# [Work instructions]
I'd like the entire listing output verbatim, apart from the pictures.

# [Task material]
+++

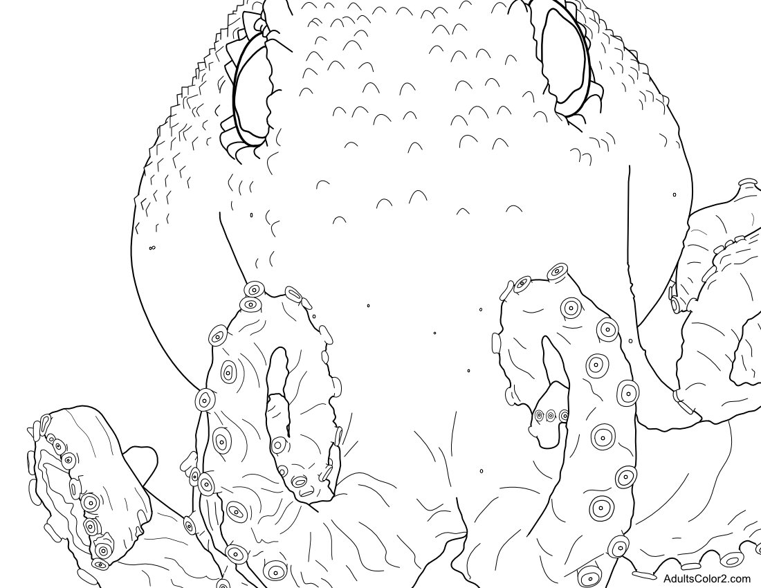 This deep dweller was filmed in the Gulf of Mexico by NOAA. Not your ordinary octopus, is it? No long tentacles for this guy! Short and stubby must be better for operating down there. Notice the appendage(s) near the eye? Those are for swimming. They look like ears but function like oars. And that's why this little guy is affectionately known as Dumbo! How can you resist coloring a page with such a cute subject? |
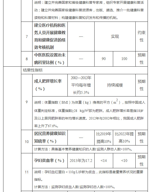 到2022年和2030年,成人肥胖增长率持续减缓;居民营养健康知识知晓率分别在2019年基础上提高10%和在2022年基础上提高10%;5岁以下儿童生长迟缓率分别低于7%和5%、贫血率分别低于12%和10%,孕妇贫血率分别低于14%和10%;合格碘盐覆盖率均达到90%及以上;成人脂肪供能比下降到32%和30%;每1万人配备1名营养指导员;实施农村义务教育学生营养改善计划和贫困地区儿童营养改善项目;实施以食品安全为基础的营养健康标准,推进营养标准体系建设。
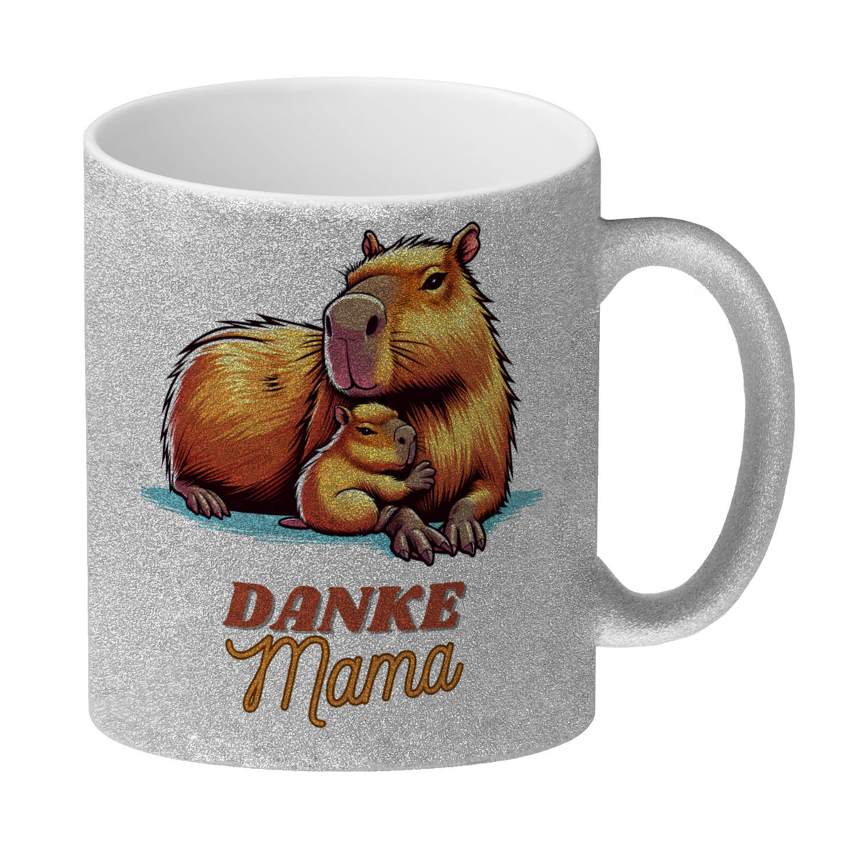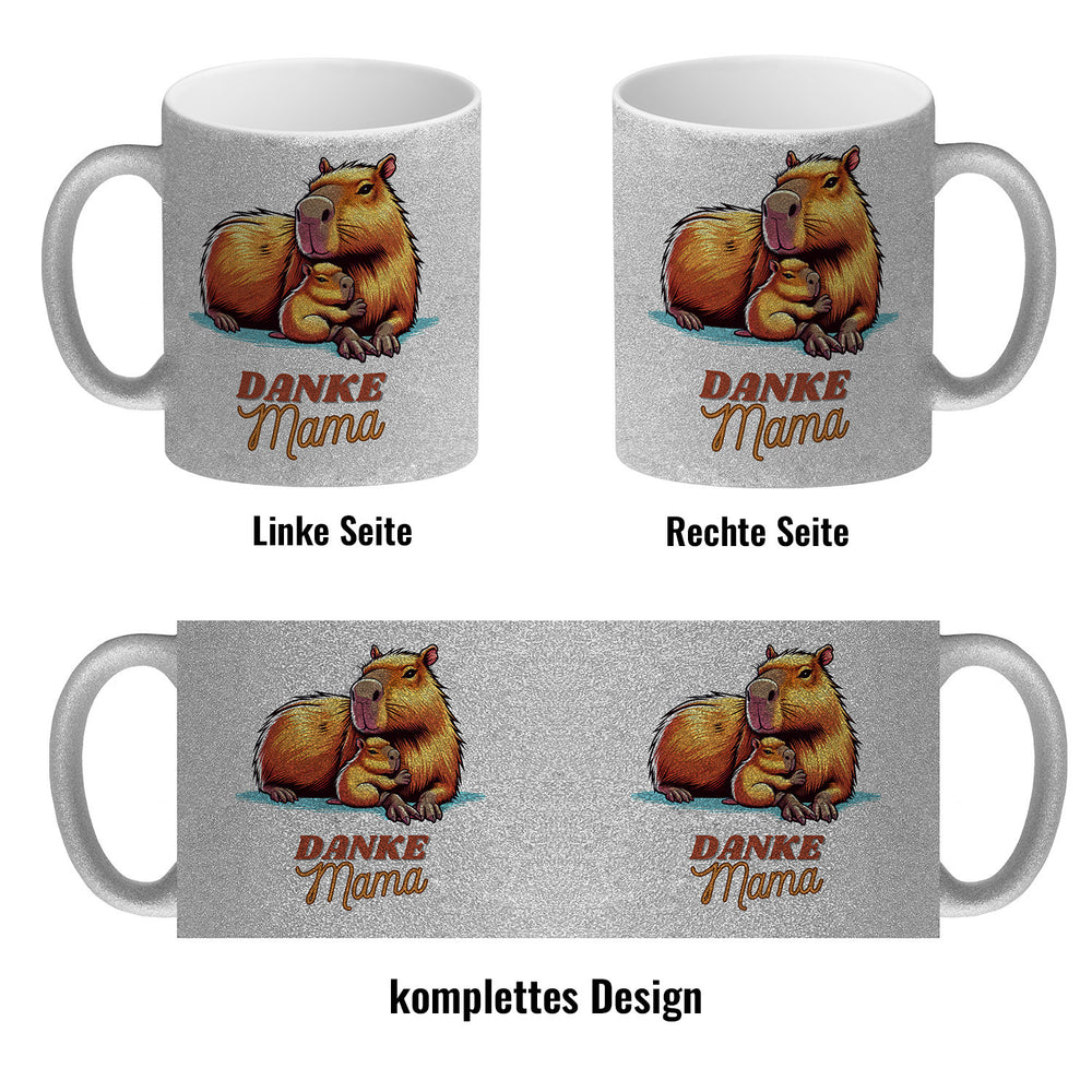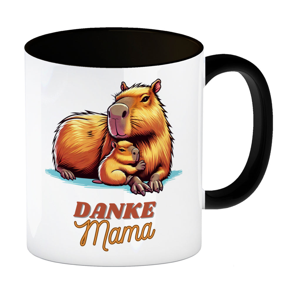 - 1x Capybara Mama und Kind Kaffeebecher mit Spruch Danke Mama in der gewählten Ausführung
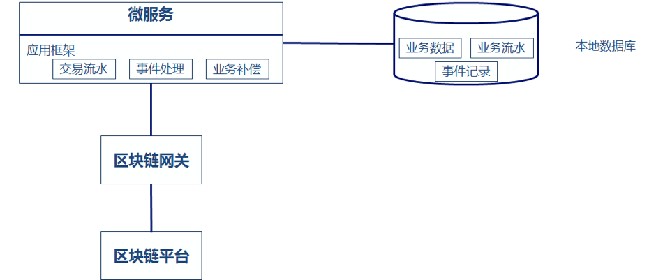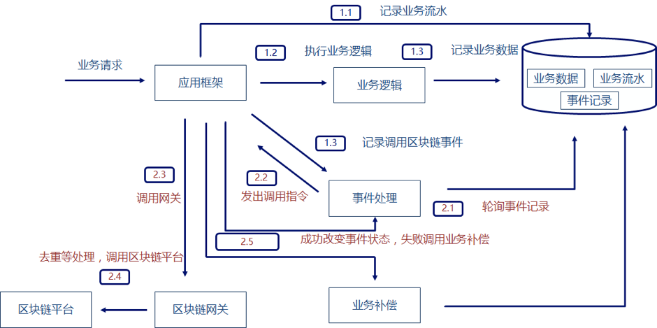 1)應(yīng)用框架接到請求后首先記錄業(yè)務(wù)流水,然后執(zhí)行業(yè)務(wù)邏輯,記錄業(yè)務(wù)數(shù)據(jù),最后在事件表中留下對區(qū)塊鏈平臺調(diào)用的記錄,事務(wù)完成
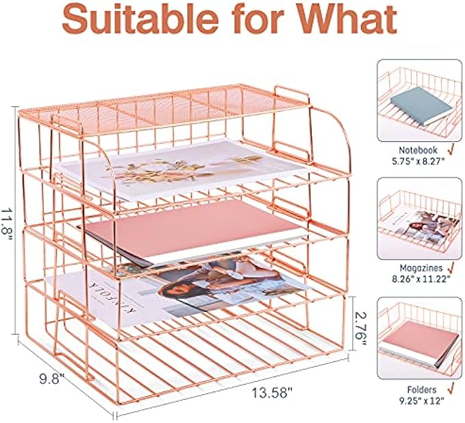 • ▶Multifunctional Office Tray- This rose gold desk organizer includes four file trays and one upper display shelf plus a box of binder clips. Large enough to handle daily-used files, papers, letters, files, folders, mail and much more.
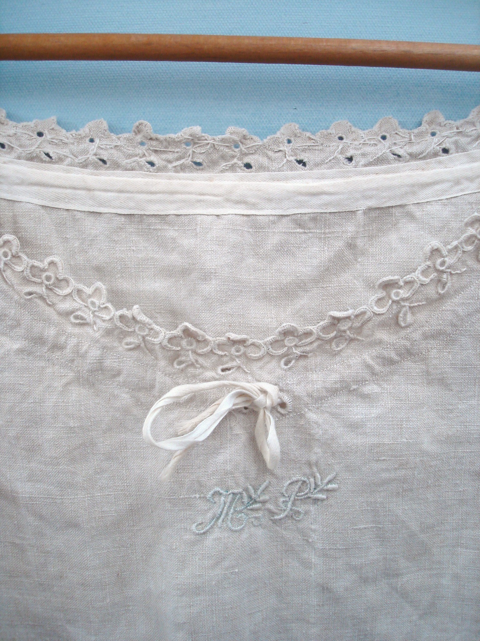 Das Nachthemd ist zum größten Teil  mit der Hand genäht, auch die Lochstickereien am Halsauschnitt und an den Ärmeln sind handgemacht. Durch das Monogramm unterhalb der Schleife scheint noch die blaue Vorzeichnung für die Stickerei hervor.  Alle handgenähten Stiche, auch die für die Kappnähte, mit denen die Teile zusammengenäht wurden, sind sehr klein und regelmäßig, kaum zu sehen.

+++

# [Exercise result]
 This deep dweller was filmed in the Gulf of Mexico by NOAA. Not your ordinary octopus, is it? No long tentacles for this guy! Short and stubby must be better for operating down there. Notice the appendage(s) near the eye? Those are for swimming. They look like ears but function like oars. And that's why this little guy is affectionately known as Dumbo! How can you resist coloring a page with such a cute subject? |
 到2022年和2030年,成人肥胖增长率持续减缓;居民营养健康知识知晓率分别在2019年基础上提高10%和在2022年基础上提高10%;5岁以下儿童生长迟缓率分别低于7%和5%、贫血率分别低于12%和10%,孕妇贫血率分别低于14%和10%;合格碘盐覆盖率均达到90%及以上;成人脂肪供能比下降到32%和30%;每1万人配备1名营养指导员;实施农村义务教育学生营养改善计划和贫困地区儿童营养改善项目;实施以食品安全为基础的营养健康标准,推进营养标准体系建设。
 - 1x Capybara Mama und Kind Kaffeebecher mit Spruch Danke Mama in der gewählten Ausführung
 1)應(yīng)用框架接到請求后首先記錄業(yè)務(wù)流水,然后執(zhí)行業(yè)務(wù)邏輯,記錄業(yè)務(wù)數(shù)據(jù),最后在事件表中留下對區(qū)塊鏈平臺調(diào)用的記錄,事務(wù)完成
 • ▶Multifunctional Office Tray- This rose gold desk organizer includes four file trays and one upper display shelf plus a box of binder clips. Large enough to handle daily-used files, papers, letters, files, folders, mail and much more.
 Das Nachthemd ist zum größten Teil  mit der Hand genäht, auch die Lochstickereien am Halsauschnitt und an den Ärmeln sind handgemacht. Durch das Monogramm unterhalb der Schleife scheint noch die blaue Vorzeichnung für die Stickerei hervor.  Alle handgenähten Stiche, auch die für die Kappnähte, mit denen die Teile zusammengenäht wurden, sind sehr klein und regelmäßig, kaum zu sehen.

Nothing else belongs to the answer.